LOS ANGELES – Sitting and watching. That's what Chip Brown, owner of Big Man Bakes, has been doing to protect his business the past few nights as protests in DTLA have boiled over into looting. He supports the peaceful marches, knowing first-hand what prejudice feels like.

“As a 6 foot 5 African American, I lived and understand the cumulative pain of seeing all these deaths and murders essentially,” said Brown.


What You Need To Know


  • African American business owner in DTLA had his shop vandalized during protests

  • He says people vandalizing, looting not true protesters, but "joyriding kids"

  • As a 6'5 African American man, he says he understands and has experienced racial injustice

  • He supports peaceful protests and hopes vandals don't mar true message

As a black man, who owns his own successful bakery, even being featured on TV, he says these protests help white America see what a day in the life of a minority is in this country.

“Whether it be the clutching of a purse on an elevator or assuming that if you're 6’5 you’re an athlete, opposed to a businessman, those things, are little murders of the soul. A microcosm of what is happening in the nation,” said Brown.

As Brown shows footage of what he says are some peaceful protesters seeming to be detained, he says he is proud to see all communities come together to spread the message that black lives matter.

“They weren’t destroying anything. They were conscientiously fighting for what they believe in, which is the injustice of black people,” said Brown.

He says the ones destroying businesses were young outliers, no older than 21 from what he saw, who were not involved in peaceful gatherings.

“They don’t know who George Floyd is,” he said.

After Friday night’s events, he found graffiti on his store window and his fellow neighborhood businesses were looted and destroyed, so he decided to sit in front of his store from 8 p.m. to 6 a.m. over the weekend to protect it.

“These were children destroying the city. Children that were burning and looting and carrying four boxes of Nikes running by me in front of the store. They weren’t protesters. They didn’t have signs. They were joyriding kids,” said Brown.

He hopes this vandalism will stop so the messages from the actual protesters can be heard among all this noise.

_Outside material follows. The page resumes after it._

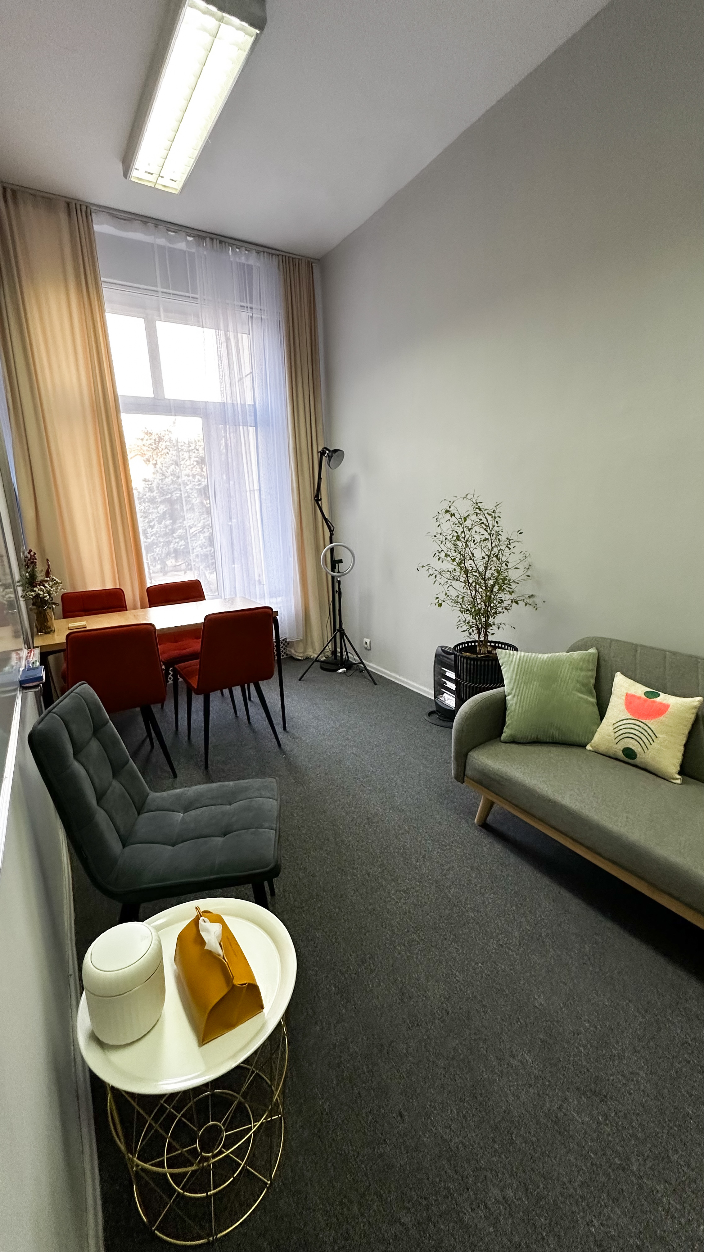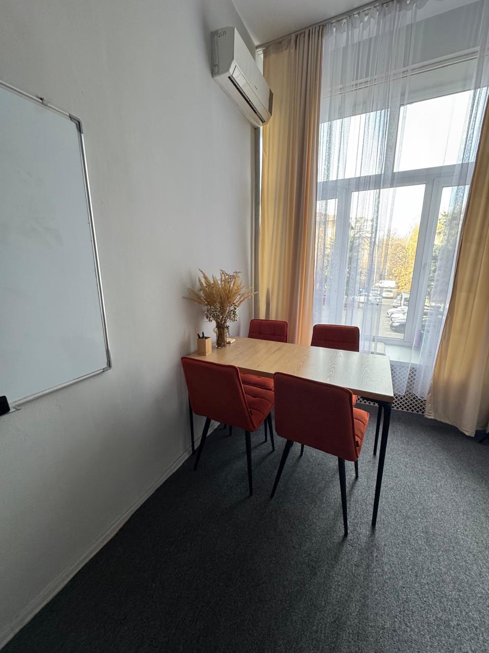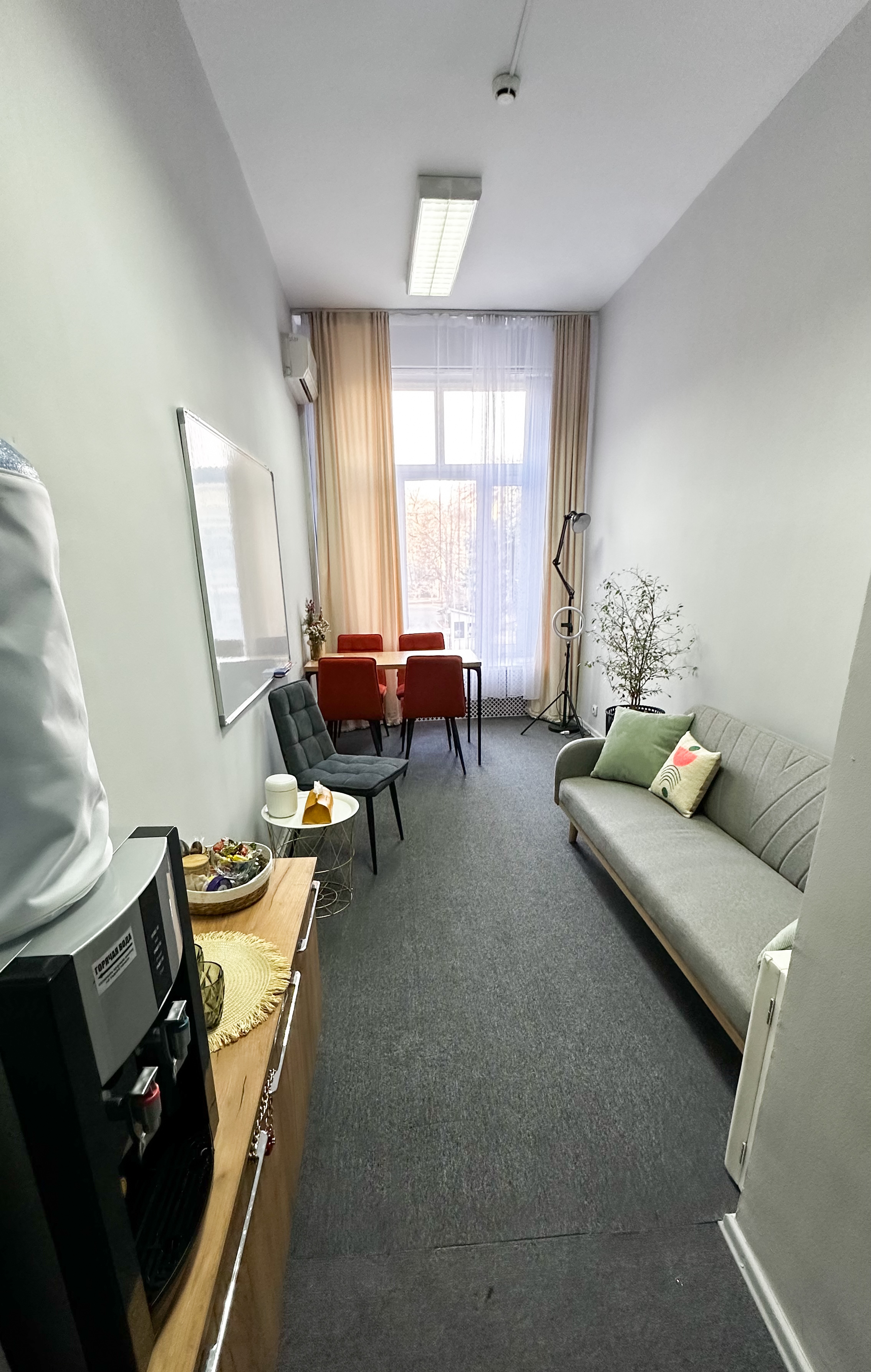 диван, стол, 5 стульев, ковролин, кольцевая лампа, маркерная доска

“It’s not just about black people fighting for the cause, it’s about humanity coming together. It’s about everyone seeing the horrific injustice that is going on, so I hope that at this point with all this destruction, [we] rebuild together so that we heal and be a better nation,” said Brown.

As he hopes for a better nation, in the meantime, he continues to stand vigil protecting his business from those outliers.